Large language models face challenges in long-context question answering, where key evidence of a query may be dispersed across millions of tokens. Existing works equip large language models with a memory corpus that is dynamically updated during a single-pass document scan, also known as the "memorize while reading" methods. While this approach scales efficiently, it suffers from irreversible forward-only processing, information loss through overwriting, and sparse reinforcement learning signals. To tackle these challenges, we present ReMemR1, a memory-augmented agent with callback-enhanced memory that allows selective retrieval from the entire memory history and allows non-linear reasoning and revisiting of early evidence. To further strengthen training, we propose Reinforcement Learning with Multi-Level Rewards (RLMLR), which combines final-answer rewards with dense, step-level signals that guide effective memory use. Together, these contributions mitigate information degradation, improve supervision, and support multi-hop memory utilizing. Experiments on long-document QA show significant gains over existing memory-based approaches, which validates ReMemR1 as an effective solution for long-context reasoning agents.

Paper Structure

This paper contains 34 sections, 10 equations, 5 figures, 6 tables.

Figures (5)

  • Figure 1: Comparison of approaches for question answering in a long-context setting. (a) Full context input introduces substantial complexity and challenges the LLM to locate the correct information. (b) The "memorize while reading" paradigm processes documents by chunks to reduce context length at each step.
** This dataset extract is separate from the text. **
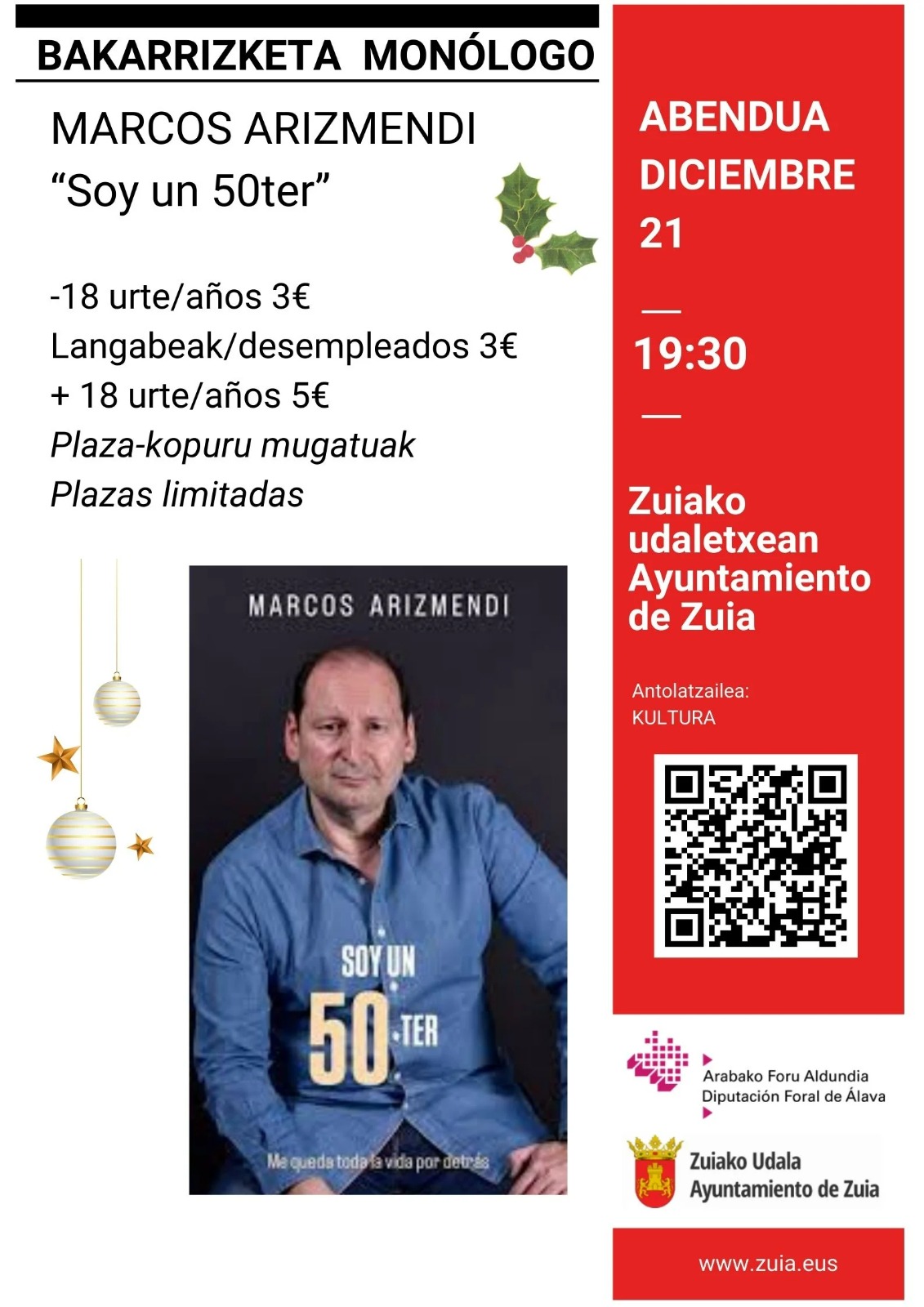 Marcos Arizmendik "Soy un 50ter" bakarrizketa eskainiko du abenduaren 21ean Zuiako udaletxean. Saioa 19:30ean hasiko da.

Still, the irreversible and linear memory overwriting prevents the model from connecting distantly related information. (c) Our method augments the agent's state to allow for callback of historical memories, enabling it to integrate relevant facts from earlier steps into its reasoning process.
  • Figure 2: The comparison of state transition functions between previous work and our method. (left) Conventional memory agents use a restrictive state $s_t=m_t$, where the next memory $m_{t+1}$ only depends on the current context $c_t$ and memory $m_t$. (right) Our method introduces a history-augmented state $s_t=(m_t, q_t)$, where the agent generates a callback query $q_t$ to retrieve relevant information from its entire memory history $\{m_i\}_{i \leqslant t}$, enabling non-linear reasoning paths.
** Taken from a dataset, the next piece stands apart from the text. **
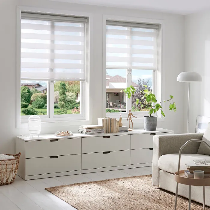 Подвійну штору легко піднімати і опускати. Ви також можете регулювати кількість світла, що надходить, і ступінь прозорості, миттєво перемикаючись із режиму шторки на шторку. Розумно, правда?

  • Figure 3: Overview of RL with Multi-Level Rewards (RLMLR). (a) From the trajectories generated by the actor model, we compute outcome rewards at terminal states and state rewards at all states. (b) Each reward type is normalized at the corresponding level: state rewards across the states at the same step, and outcome rewards across all trajectories in the group.
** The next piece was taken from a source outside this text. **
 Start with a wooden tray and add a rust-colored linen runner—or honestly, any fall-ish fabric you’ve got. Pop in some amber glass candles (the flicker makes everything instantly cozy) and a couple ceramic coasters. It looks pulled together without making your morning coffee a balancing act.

  • Figure 4: Accuracy on 2Wiki with distant evidences.
  • Figure 5: Training dynamics of our method. ReMemR1 enables the LLM to generate both inner memory and callback queries, introducing additional formatting requirements. These constraints initially lead to a lower success rate due to frequent parsing errors, but performance rapidly improves after around 20 steps as the model learns to follow the required format.